New Years Eve Dinner was big spread of about 7 or 8 dishes including: pigs ear, preserved yellow eggs, pork with garlic scapes, pickled lotus root, potato and tomato stir fry, another pork dish. In addition to the dishes we also had two kinds of “main food“ 主食 steamed buns and rice porridge. There’s also a fish on the table in this picture, but it disappeared when we actually sat down to eat.

What did her parents think of you? Did they speak any English?
It’s hard to know what her parent’s thought of me because not only did they not speak a word of English, but their native dialect of Chinese was mostly unintelligible to me. Most of the time in Harbin, I can understand 60-80% of what’s being said around me (depending of if I know the context), but down in that area of Henan I could only get about 10-40%. I did learn a few words like “le” is “er” for “two” and well, that’s all I remember. Both of her parents were really patient with me, though, and before I left I was able to have conversations with each of them without assistance from my friend. I hope they liked me!

What kinds of things did you do there?

New Years Eve was spent as most of China spends it: watching fireworks be set off on the street (her dad set off firecrackers and then the neighbors/relatives had some real big fireworks) and watching the CCTV Spring Festival Gala. (My favorite part was the funny sketch about college graduates selling potatoes…I hope this is not the future for my students).

New Years Day my friend, her parents and I took at trip to a local Buddhist mountain and climbed to the top with hordes of people. I never expected to see a temple so packed in this country. Her mother went into each pavilion to burn incense or offer something while the rest of us waited outside and took pictures.

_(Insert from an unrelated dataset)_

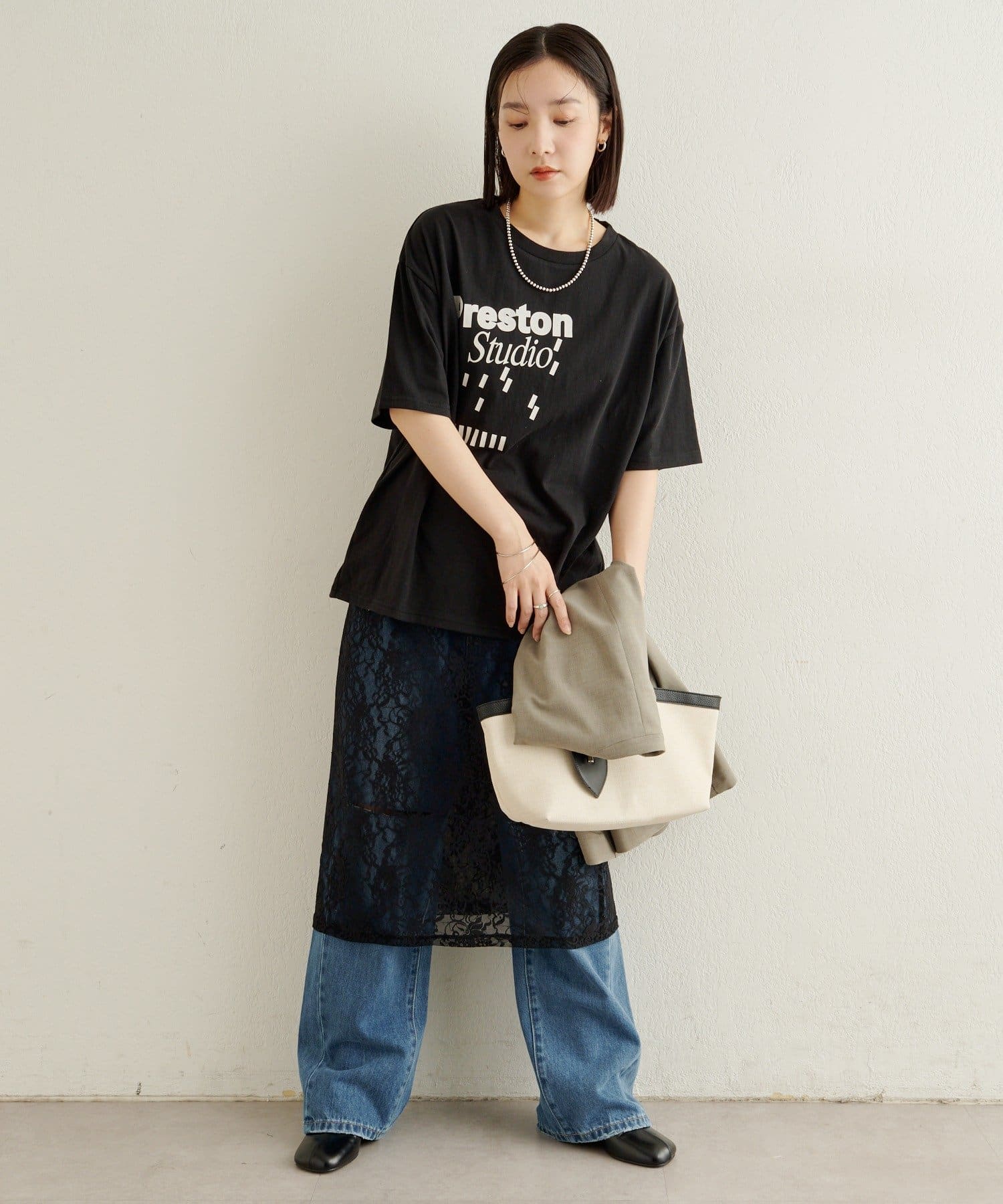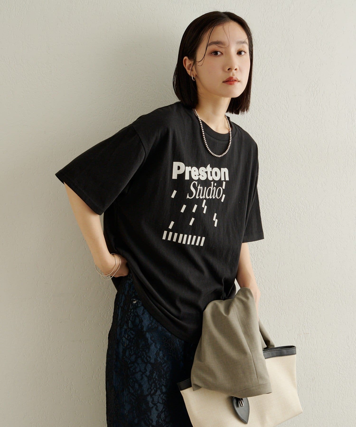 ・いつものスタイリングに程よくラフさを加えてくれるロゴT。

The other days I spent there were passed going around her hometown, visiting her relative’s houses, a bamboo garden, and the downtown shopping area. And one day my friend and I went to a larger city about 30 minutes away to visit the Henan Jiaozuo Film and Television City where they film those TV series like “Three Kingdoms” or other period pieces.

All in all, we really didn’t “do” much, but it was really relaxing just to sit next to the coal stove, eat sunflower seeds, chat, and observe life in “small town” China.